▶ _WORK TO COMPLETE_
Leave out every picture, and restate word for word only the lines from the one containing "Handmade Frosted Calf" through the end of the material.
BEGIN LISTED RECORDS
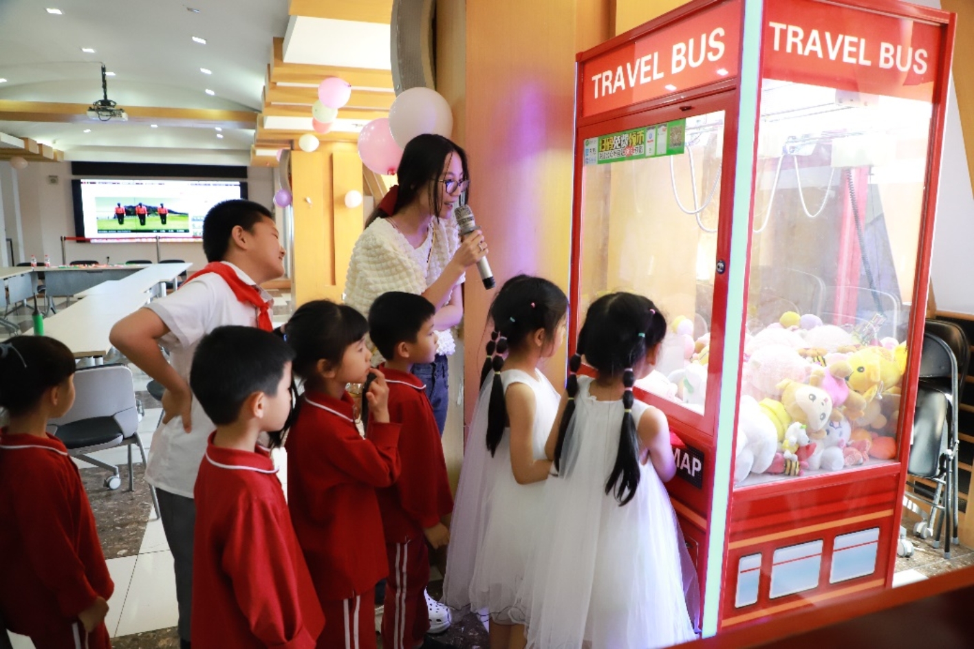 伴随着耳熟能详的儿歌串词,本次活动拉开了帷幕。工会的成员们和志愿者们一起把活动现场布置成了一个制造快乐、充满温馨的小家园,而数学学院和数学中心的宝贝们恰恰是快乐和温暖的源泉。数学学院和数学中心的宝贝们在家人的陪伴下来到了活动现场,入场的宝贝们用手中的笔画出了自己心目中的模样。孩子们一来到活动现场,立即被娃娃机吸引了,小朋友们有序排队玩起了抓娃娃的游戏。
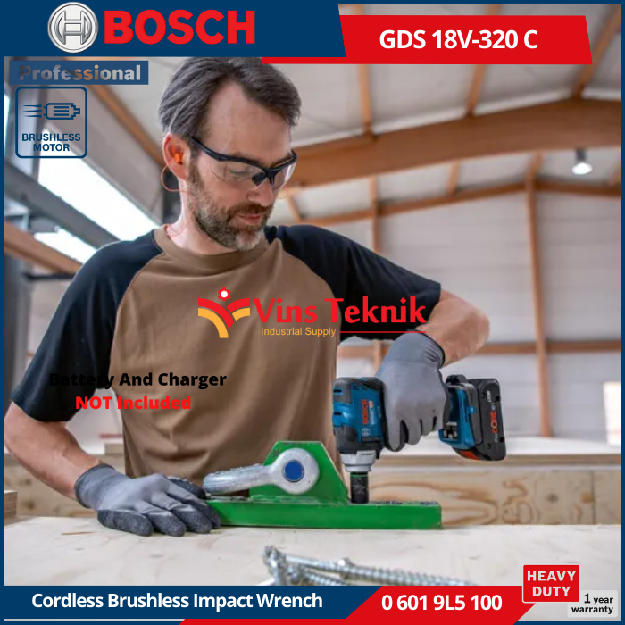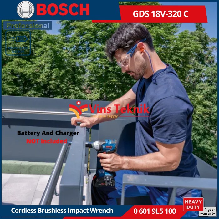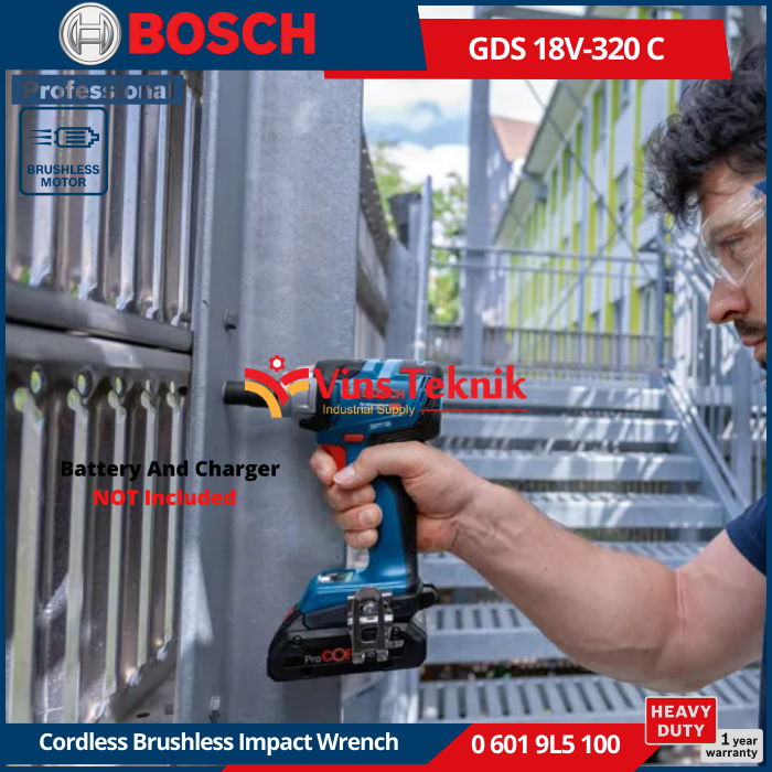 Bosch GDS 18V-320 C Professional adalah kunci pas benturan nirkabel (cordless impact wrench) yang ringkas dan bertenaga, dirancang untuk tugas-tugas berat dalam perakitan industri, pemeliharaan kendaraan, dan pengerjaan logam.
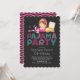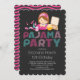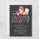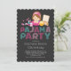 Cute scallop die cut sleepover party invitation featuring a brunette girl on a pillow with a bowl of popcorn, pizza and makeup items set on a classy black background. Our stylish, modern & fun pajama party invite has chevron typography letting in pink, turquoise blue & light pink. Flip our slumber party invite over to view a coordinating chevron stripe back for an extra special touch. Perfect for a tween birthday party or teen birthday party.
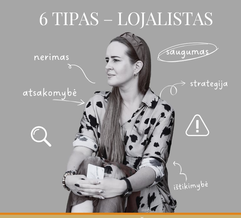 Eneagramos 6 tipas, dar vadinamas „Lojalistu“, yra orientuotas į saugumą, pasitikėjimą ir priklausymą grupei. 6 tipo žmonės yra budrūs ir atsargūs, dažnai galvoja apie galimas grėsmes ir stengiasi užkirsti joms kelią. Jie ieško stabilumo ir patikimumo, tiek santykiuose, tiek gyvenimo situacijose, ir dažnai ieško autoritetų ar sistemų, kurie jiems suteiktų užtikrintumą.
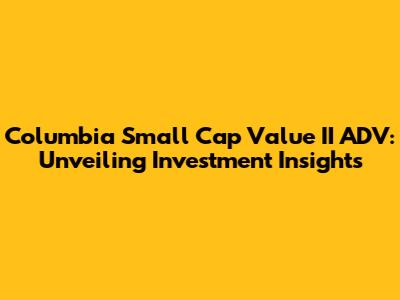 Hey guys! Today, we're diving deep into the Columbia Small Cap Value II ADV, an investment vehicle that's been making waves in the financial world. If you're looking to understand what this fund is all about, how it operates, and whether it aligns with your investment goals, you're in the right place. Let's get started with a comprehensive look at this fund, breaking down its key components and offering some easy-to-understand insights.
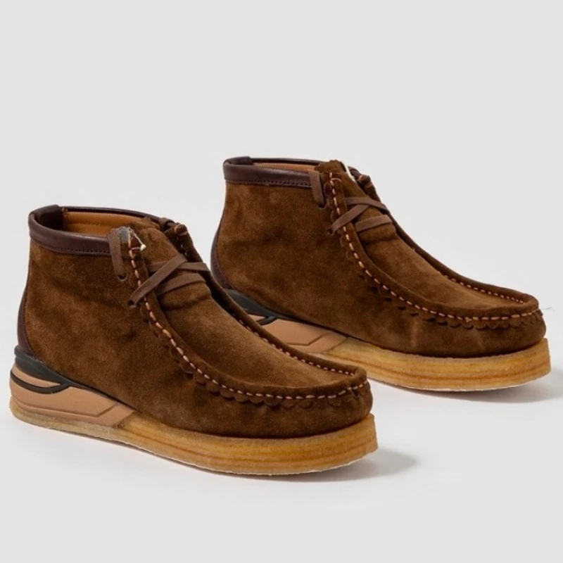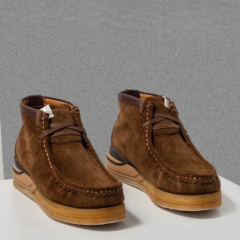 Handmade Frosted Calf Leather Shoes for Men’s Rubber Soft Sole Casual Shoes Genuine Leather Retro Cork Insole Kangaroo Shoes Man
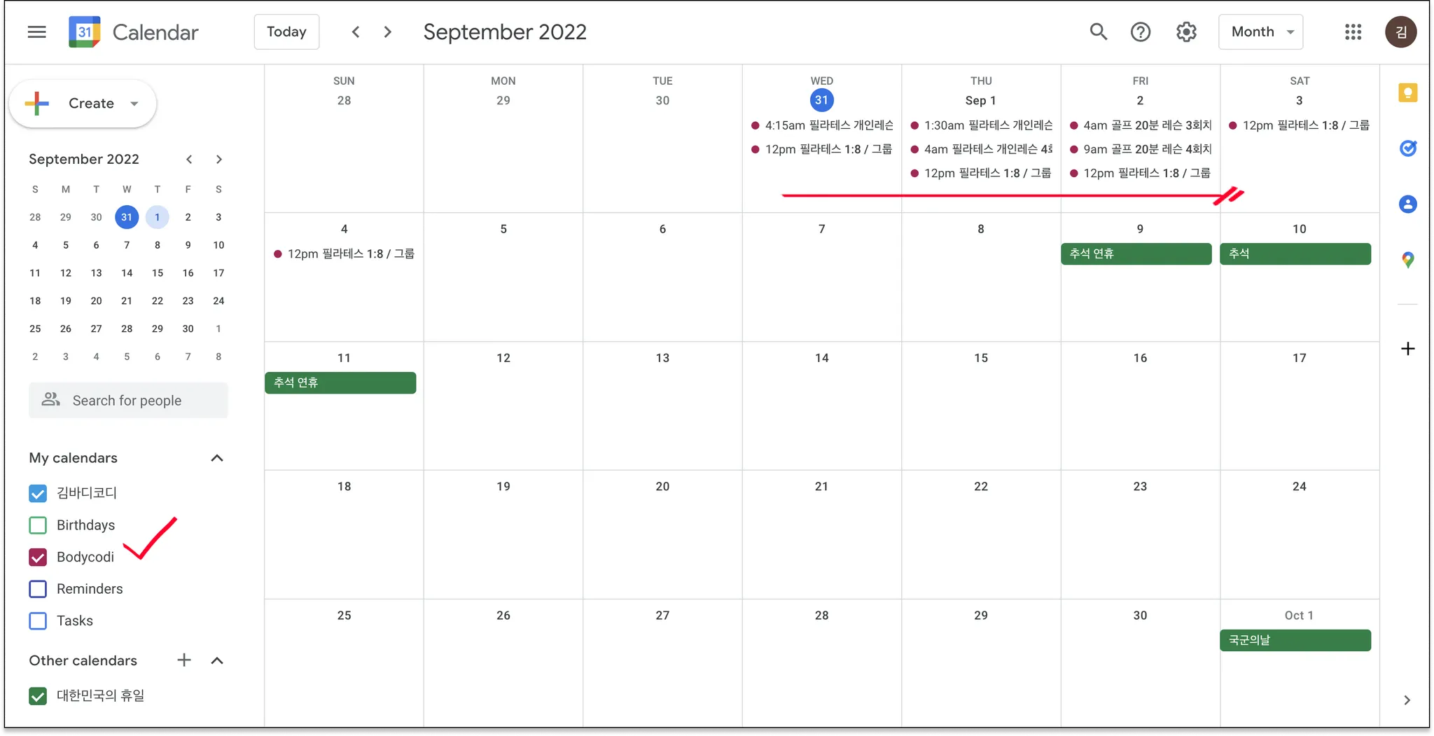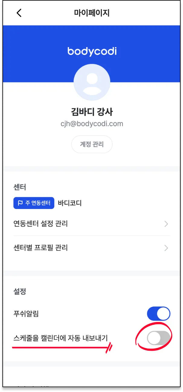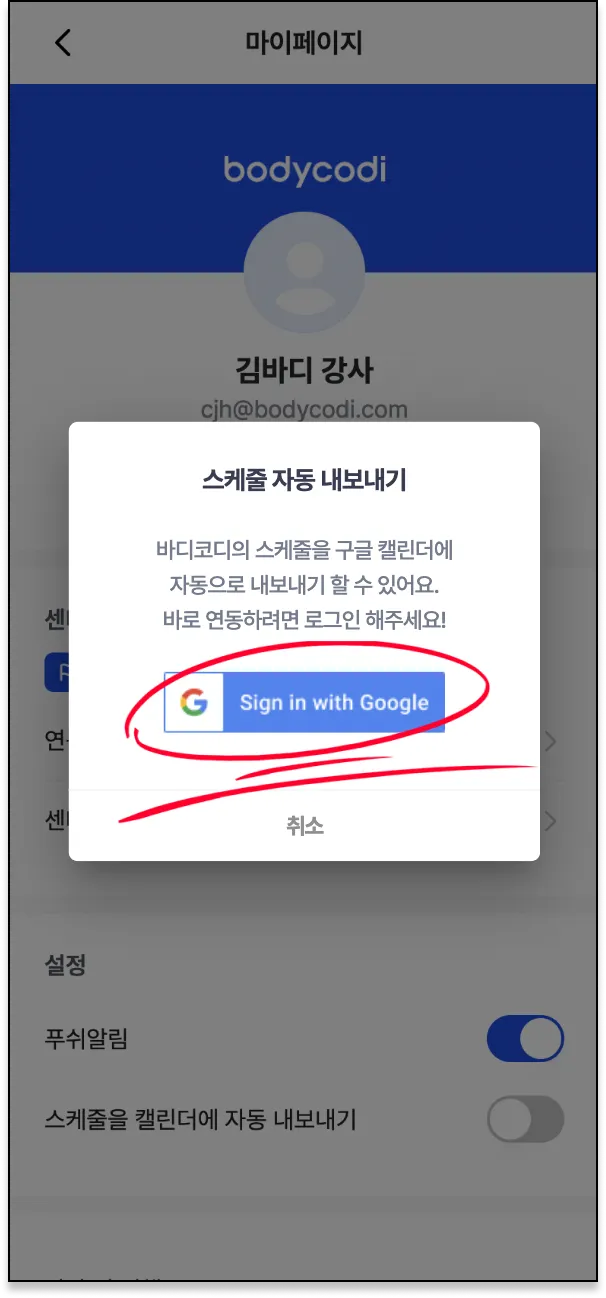 바디코디 강사앱에 등록된 스케줄을 구글캘린더에 내보내서, 구글캘린더에서 강사앱 스케줄을 확인할 수 있는 기능입니다.
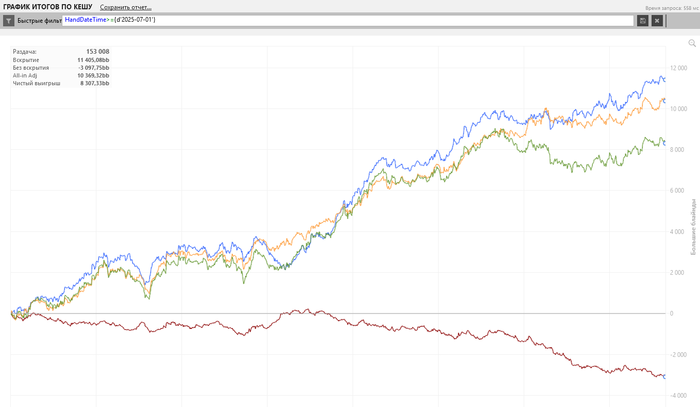 11.08 в понедельник не хватало столов днем и добавил нл 200 в загрузку. В итоге за 5-7к рук улетел на 10 стеков, основная недодача была на нем, уже готов был отключать и фиксировать потери, но вовремя начали отдавать.
END LISTED RECORDS
▶ _TASK RESPONSE_
 Handmade Frosted Calf Leather Shoes for Men’s Rubber Soft Sole Casual Shoes Genuine Leather Retro Cork Insole Kangaroo Shoes Man
 바디코디 강사앱에 등록된 스케줄을 구글캘린더에 내보내서, 구글캘린더에서 강사앱 스케줄을 확인할 수 있는 기능입니다.
 11.08 в понедельник не хватало столов днем и добавил нл 200 в загрузку. В итоге за 5-7к рук улетел на 10 стеков, основная недодача была на нем, уже готов был отключать и фиксировать потери, но вовремя начали отдавать.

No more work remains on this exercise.